Sara Asurbayli was interested in history and architecture of her native city from childhood. In Baku, she graduated from the History and Philology Department of the Faculty of Oriental Studies of Azerbaijan State University.

For a very long time, the unofficial status of "a family member of an enemy of the homeland" did not allow her to get a job in her field. Her family was destitute. Sara xanim worked as a teacher in a secondary school and a stage designer in the theatre, did small jobs and taught foreign languages in the conservatory.

On the advice of friends, she went to a place "where nobody knew her" and successfully defended her thesis at the Leningrad Institute of Oriental Studies in 1949. Shortly after the famous 20th Party Congress that debunked the Stalin cult, the time of thaw and rehabilitation of innocent prisoners came. With the help of Samad Vurgun, who was vice-president of the Academy of Sciences, Asurbayli managed to get a job in her field. Only then, did she get the opportunity to fully fulfill herself as a historian.

In 1964 she defended her doctoral thesis at the Institute of History of the Academy of Sciences of Georgia, and only then (she was already 60), was she able to take up historical science professionally. Initially, Sara xanim worked at the Museum of History of Azerbaijan, where she headed the department of Azerbaijan's medieval history and then as a senior research fellow at the Institute of Oriental Studies of the Academy of Sciences. She was a scientific secretary, a senior research fellow and a leading scientist at the Institute of History, and from 1993 until the end of her life, Sara Asurbayli was a senior fellow at the Institute of Archaeology and Ethnography of the Academy of Sciences of Azerbaijan.

Despite the difficult fate and very late arrival in science, Sara Asurbayli made an invaluable contribution to the study of the history of Azerbaijan and Baku in a short time.

"For me, Sara xanim is the greatest keeper of the history of Baku," historian Rizvan Huseynov says. "Perhaps, she made more than all our scientists for the study of the history and ancient architecture of Baku and found numerous sources on the Maiden's Tower and the general history of the Shirvanshahs."

She authored more than one hundred scientific papers on historical subjects, most of which were written for the Azerbaijan Encyclopedia. Sara xanim is the author of translations of Western and Eastern researchers of Azerbaijan. She is the author of "Essays on the History of Medieval Baku (8th - early 19th century)", "History of the City of Baku", "State of the Shirvanshahs (6th-16th centuries)" and other books.
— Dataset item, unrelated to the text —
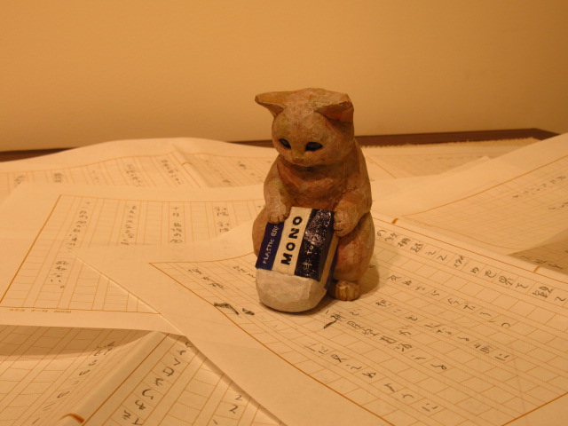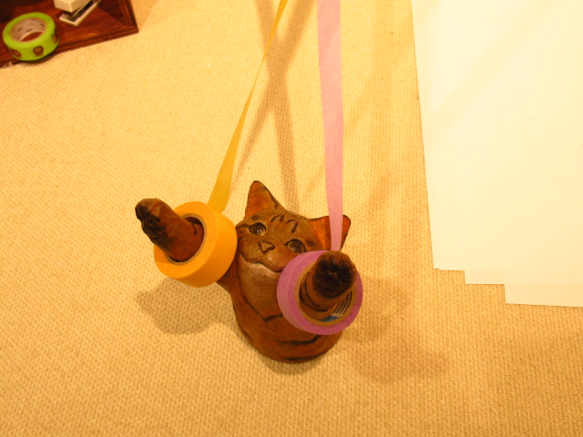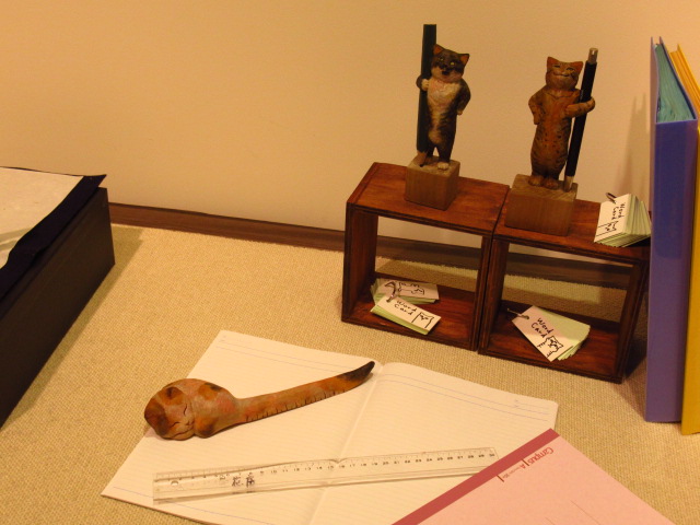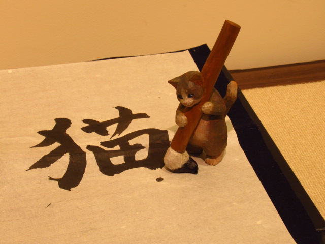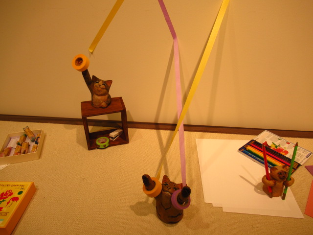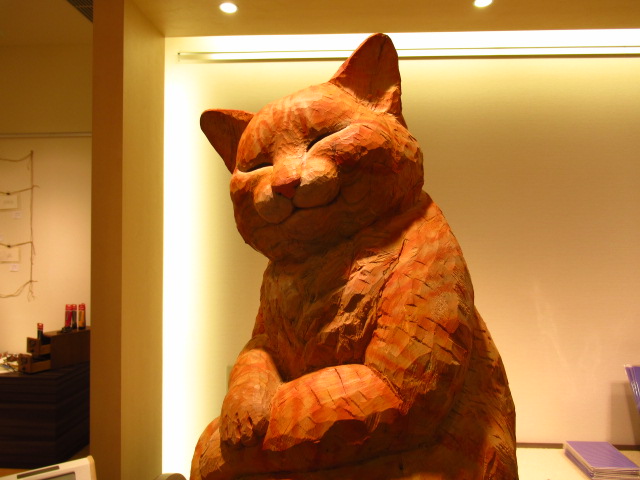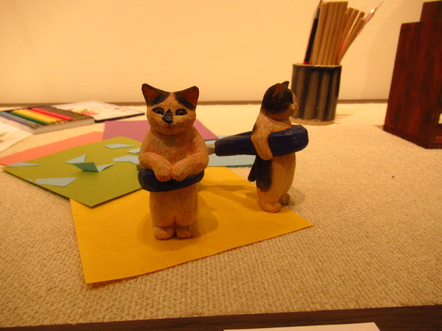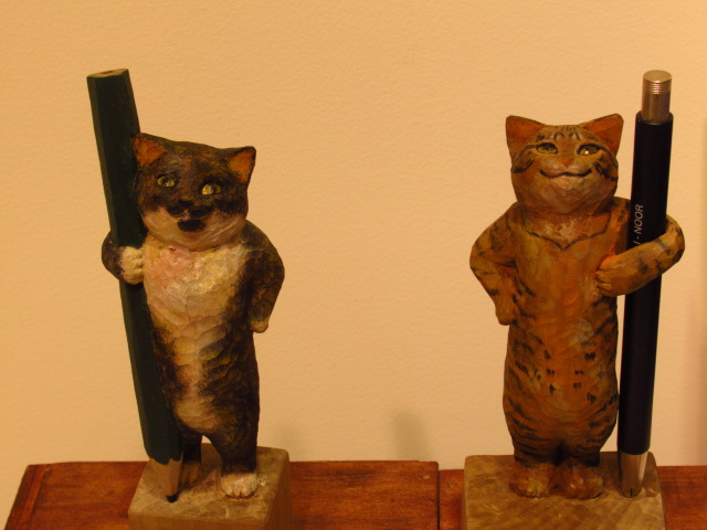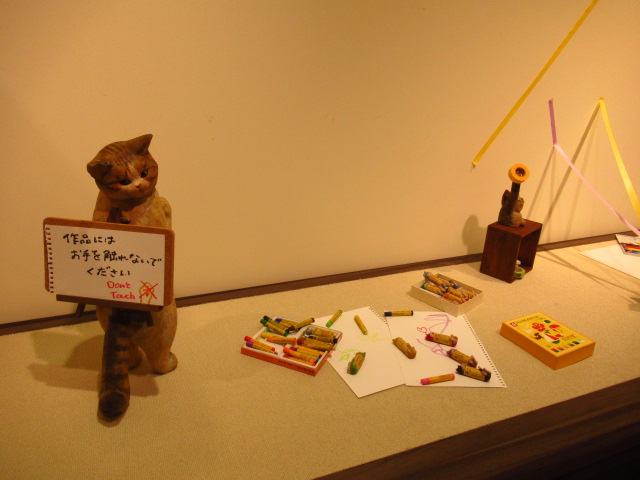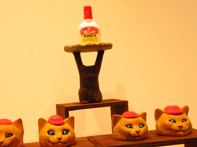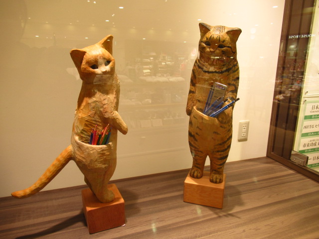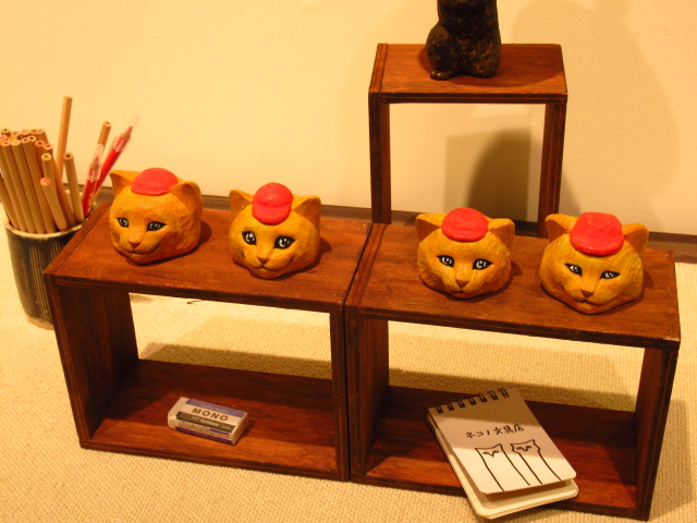 店主はねこ? 大阪で、くすっと笑える文具ねこの木彫展

The wheel of history went through the entire intelligentsia of the Soviet Union, burying many of the best people. When you read the biographies of artists, actors, directors, writers and musicians, you see that not a single family was able to avoid the Red Terror of the late 1930s. The tough time left scars on the fates of survivors. Till the end of her life, Sara Asurbayli, a person of intellectual labour, remained in good memory, and at 95, she started a book about her hard biography, which she was unable to finish. She died on 17 July 2001.